All these efforts put IMO firmly on track to support the United Nations Sustainable Development Goal on combating climate change (SDG 13). But IMO’s work extends across many other SDGs, including SDG 14 related to the sustainable use of the oceans, as well as many others on infrastructure, work, and partnerships.
An important environmental treaty, known as the Ballast Water Management Convention, sees key amendments take effect from 8th September 2019, bringing in a schedule for ships to meet strict requirements to manage their ballast water, in order to prevent the transfer of potentially harmful aquatic invasive species.

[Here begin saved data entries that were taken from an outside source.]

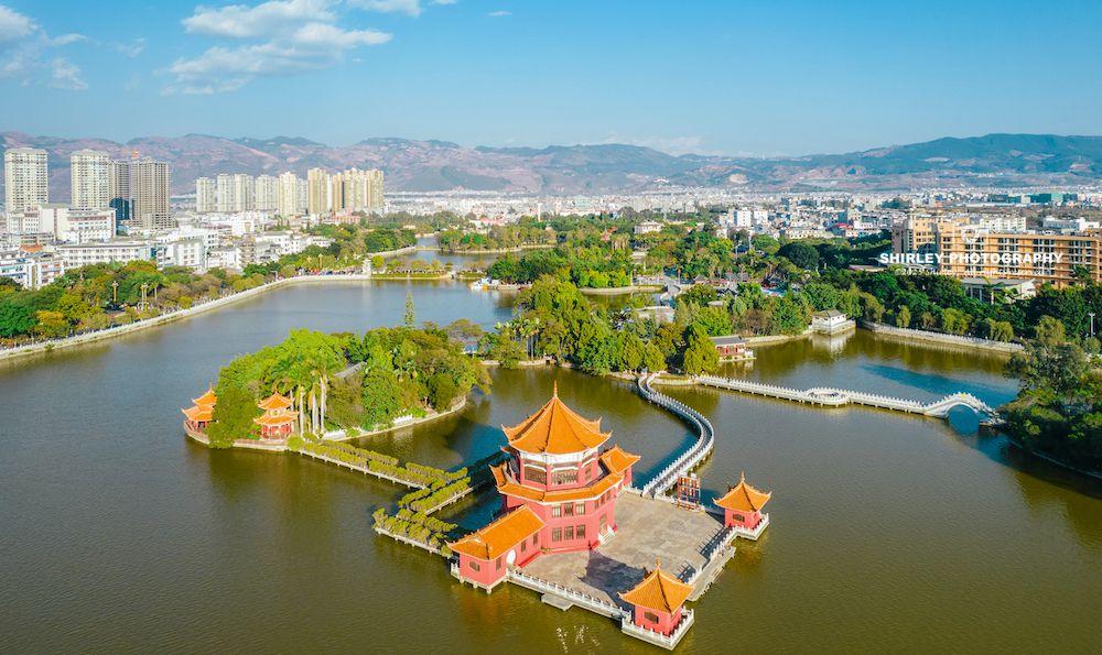 由於這些景點分佈在南湖各處,最後不妨逛一下湖光山色的南湖公園,爲一天的漫遊畫上圓滿句號。一座城市,城中有湖,必然有靈性。而湖的周邊一定是這座城市最美麗的地方,蒙自的南湖也是。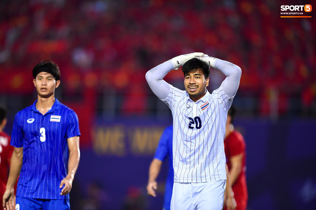Phản ứng tội nghiệp của thủ môn Thái Lan khi trọng tài quyết định Việt Nam được đá lại phạt đền. Ảnh: Hiếu Lương.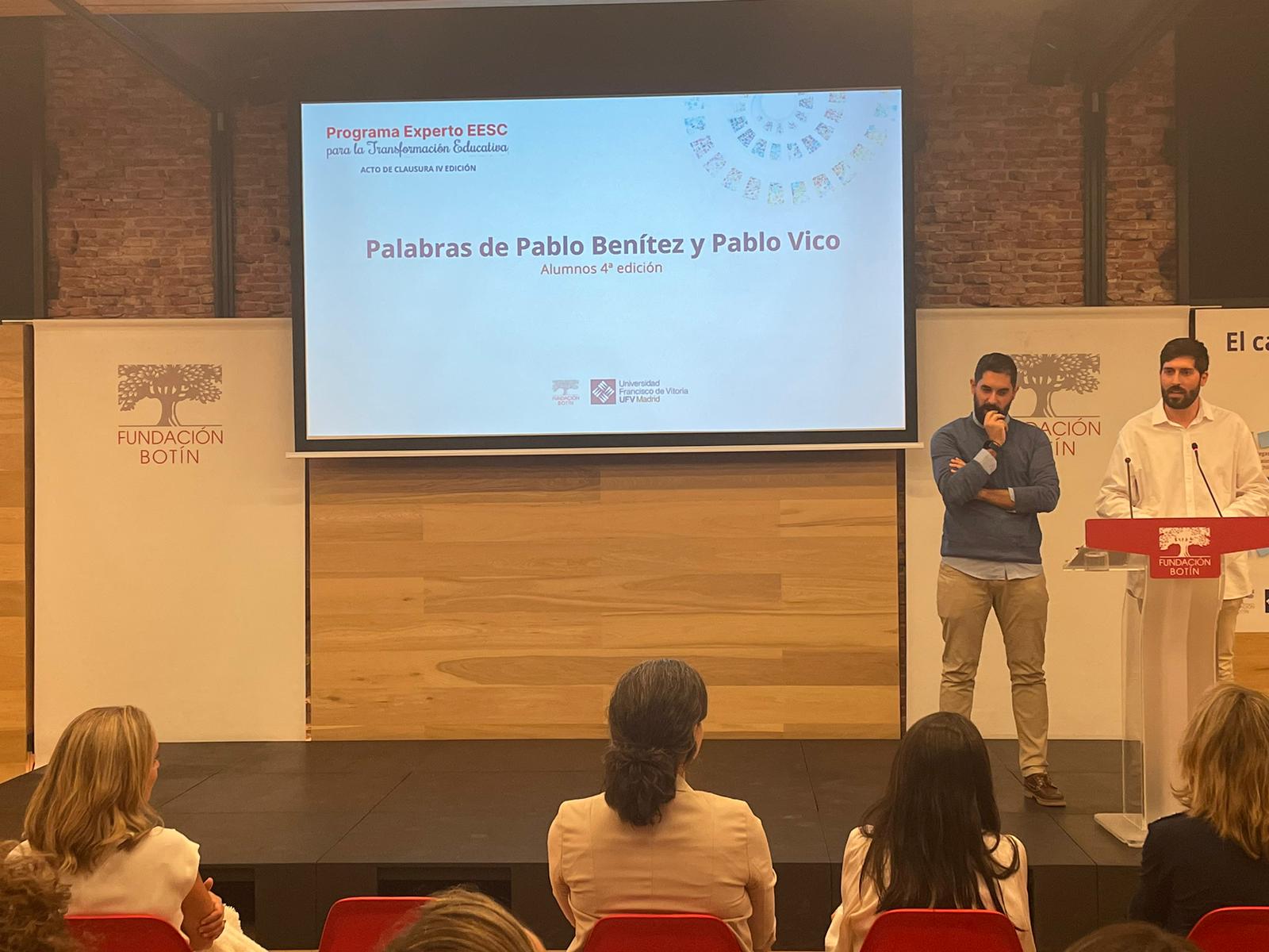 Con estas palabras de agradecimiento, compartían su experiencia Pablo Benítez y Pablo Vico profesores de San Ignacio en Secundaria, tras finalizar el Curso de Experto en Educación Emocional, Social y de la Creatividad para la Transformación Educativa. Un programa de la Fundación Botín y la Universidad Francisco de Vitoria pensado especialmente para profesores con unos objetivos muy claros: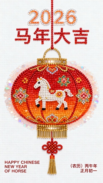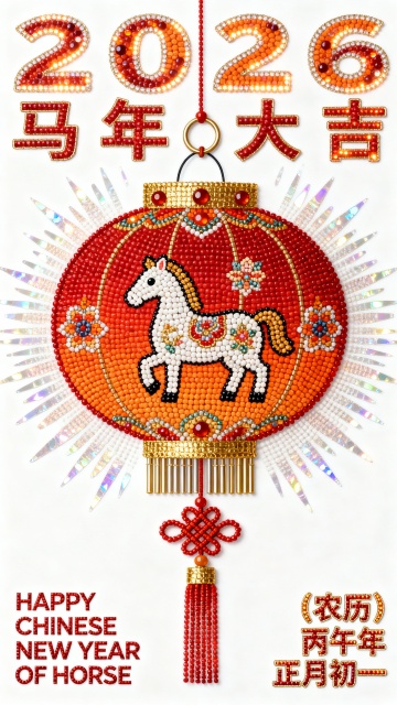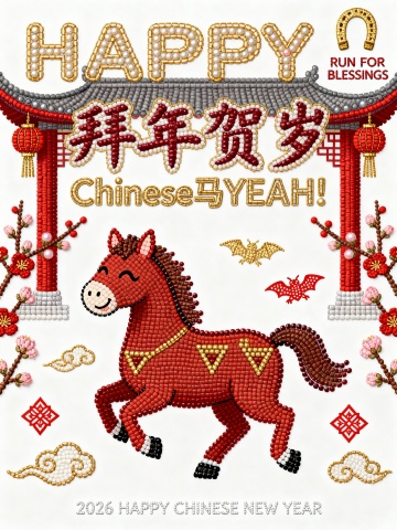 国潮风刺绣风格,以珠绣重拟物手法呈现卡通骏马,融合中式牌坊、灯笼与梅花元素,喜庆祥瑞,传递2026新春祝福。
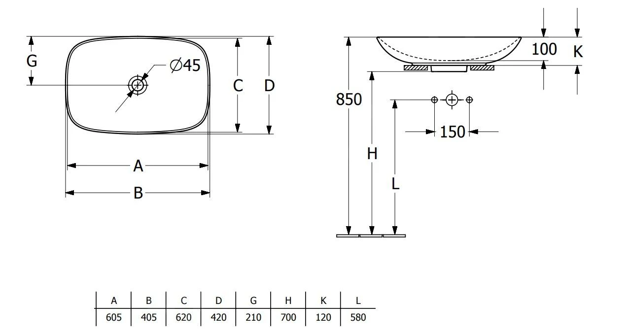 Waschbecken zum Aufstellen auf einer Arbeitsplatte oder einem Badezimmerschrank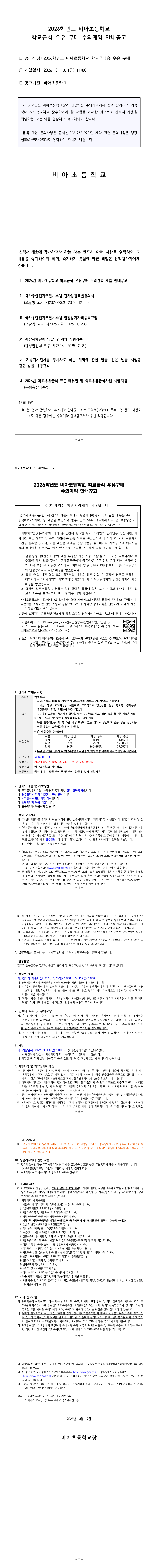 2026학년도 비아초등학교 학교급식 우유구매 수의계약 안내공고 |

For many ships, this will mean installing a ballast water management system on board.
The industry will also be gearing up for the entry into force, on 1 January 2020, of a raft of technical amendments to IMO’s International Convention for the Safety of Life at Sea (SOLAS), aimed at making shipping safer and updating requirements for transport of dangerous goods.
Looking at broader trade issues, from April 2019, under the revised FAL Convention, ships and ports must exchange data electronically, preferably using the so-called “single window” concept, which will help improve trade flows. It is another step towards harnessing the full potential of the “blue economy”.
This is just a small example of a much wider digital revolution that is already beginning to change the face of shipping. Artificial intelligence (AI), data-supported remote management and autonomous operation are all becoming realities. IMO must ensure that shipping’s regulatory framework enables the realisation of their full advantages, without compromising on safety or environmental performance and always taking into account the impact on the human element, including the world’s 1.5 million seafarers.
IMO’s World Maritime Day theme this year is “Empowering Women in the Maritime Community”. We aim to raise awareness of the importance of gender equality, in line with the United Nations’ SDG 5 and highlight the vital – and under-utilised – contribution of women within the maritime sector.
IMO is also continuing its own process of review and reform. This a key element of the IMO’s strategic plan for the 2018-2023 timeframe. The overall aim is to ensure that the IMO is truly fit for purpose. This is especially challenging today, when the world around us is changing so rapidly and the public expectations of organisations like IMO are, quite rightly, becoming ever more demanding.
Looking ahead to the next decade, as we work towards supporting the achievement of the United Nations 2030 Agenda for Sustainable Development and its SDGs, it is clear that the organisation and the shipping industry face a number of challenges, as outlined above, as well as opportunities.
I am hopeful that the Member States will respond appropriately and ensure IMO has the mandate, structure and resources it needs to be well positioned to serve the growing global population – a population that relies on a clean and safe shipping industry.